I mean, I get (and approve of) the fact that Whedon was (shockingly, given the CLUSTERFUCK OF ANGEL/CORDY) wanting to make explicit the idea that MEN AND WOMEN CAN HAVE DEEP MEANINGFUL NON-BOINKING FRIENDSHIPS, but fucking hell, YOU DO NOT NEED TO BRING FUCKING ULTIMATES INTO THE MIX FOR THAT.
Buffista Movies 7: Brides for 7 Samurai
A place to talk about movies--old and new, good and bad, high art and high cheese. It's the place to place your kittens on the award winners, gossip about upcoming fims and discuss DVD releases and extras. Spoiler policy: White font all plot-related discussion until a movie's been in wide release two weeks, and keep the major HSQ in white font until two weeks after the video/DVD release.

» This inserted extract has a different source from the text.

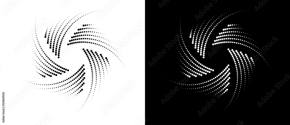 The watermark will not be included on Wall mural.: Abstract background with halftone dots in spiral - modern circle dotted pattern - black shape on a whi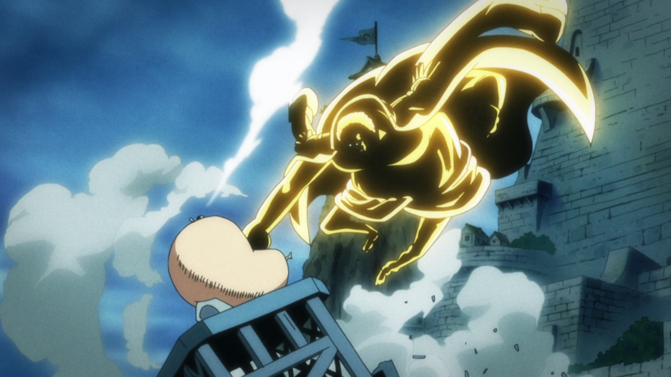 Luffy intenta continuar su carrera contrareloj y conseguir rescatar a su hermano Ace, pero muchos marines se interponen en su camino, como el escuadron de gigantes. Varios de ellos fueros derrotados por Barbablanca o por sus aliados, aunque uno intenta detener a Luffy utilizando su maza, a lo que Luffy responde utilizando su técnica Gear Third, hinchando su brazo izquierdo y convirtiendolo en un brazo gigante para golpear al gigante, derrotarlo y poder continuar su camino.

I've heard great things about both Inside Llewyn Davis and A Most Violent Year, and I think I'm gonna check them out.
I despised Inside Llewyn Davis more than any other movie I've paid to see in the theaters in the past decade. I was kind of surprised at how much I hated it. Usually movies work for me or they don't, but this one punched buttons I didn't even know I had, mostly due to the main character. Who I hated. So. very. much.
I saw it with an older friend who'd been into the folk music scene in the late 60s. She loved it, and I spent 15-20 minutes after the movie just sort of "hmmm"-ing and trying not to harsh her squee. But dayum.
Just saw Age of Ultron. I loved enough things about it to be pretty satisfied. But I want to see it again with closed captioning because I missed a few things that were said too low.
My take on Natasha's description of herself as a monster was in reference to the training to be an assassin. It was all very fresh in her mind because of the Red Witch dream. It might have been things that she had trained herself not to think about too much and so she was a little raw.
I adored the Vision. He was always a favorite Avenger for me. And he did swoop in and save Wanda from the train car where she'd tried to kill Ultron.
But, the whole Thor takes a side trip to exposition land seemed really weird and shoe-horned in.
And the Hulk got to toss Ultron out of the plane, so there's that. Not quite Loki, but mighty green muscle over evil brains is always fun.
The only thing that was missing, for me was Coulson. I would have loved to see the looks on their faces!
Anyone seen Ex Machina? I just saw it yesterday and liked it a lot.
I saw it and loved it for the reasons mentioned. As hard as those scenes were, they did add a darker, visceral quality to a movie which had been fairly cerebral and chess-playing with the plot.
Yeah, I loved Hulk chucking Ultron out of the plane. And Ultron's "Oh, for God's sake!" when the Hulk landed on it when he thought he was in the clear.
Hulk just tearing through that bunker in the beginning was pretty good, too.
Joss also obviously had a lot of fun coming up with different tag-team moves for the Avengers to use.
I personally was good with Ultron being more wise-cracking and less directly menacing. It felt like staying true to one aspect of the comics where his AI was modeled after his creator's brain. Though since it was Tony instead of Hank, we got more snark. The movie tried to push that element without spelling it out between him subconsciously quoting Tony to Ulysses Klaw and the part where he made a crack a split-second before Tony was about to.
I did like Ultron snarking "I'm glad you asked that, because I wanted to take this time to explain my evil plan." BAM!
Foz Meadows made a pretty interesting comparison:
"Saw Age of Ultron tonight. It reminded me of nothing so much as a weird reinvention of S4 of Buffy."
"Ultron = Adam, Cap = Riley, Natasha = Buffy, Bruce = Angel, Hawkeye = Xander, Tony = Willow, Thor = Anya, Fury = Giles."
"Quicksilver = Spike, Red Witch = Harmony. I mean, shit; the Vision was basically the Super Power-Up Foursome the Scoobies used to beat Adam."
It totally kind of works, how bizarre. Weird how stories simmer back up like that.
It totally kind of works, how bizarre.
Hah! You've seen Javier's takedown of Joss on Firefly/Alien Resurrection? Same algebra.
Wasn't that one somewhat intentional? It was like the next thing he did, like AR was a test run for FF. This is years later, and I feel like it's unintentional, and it's a funny look into the way writers return to wells.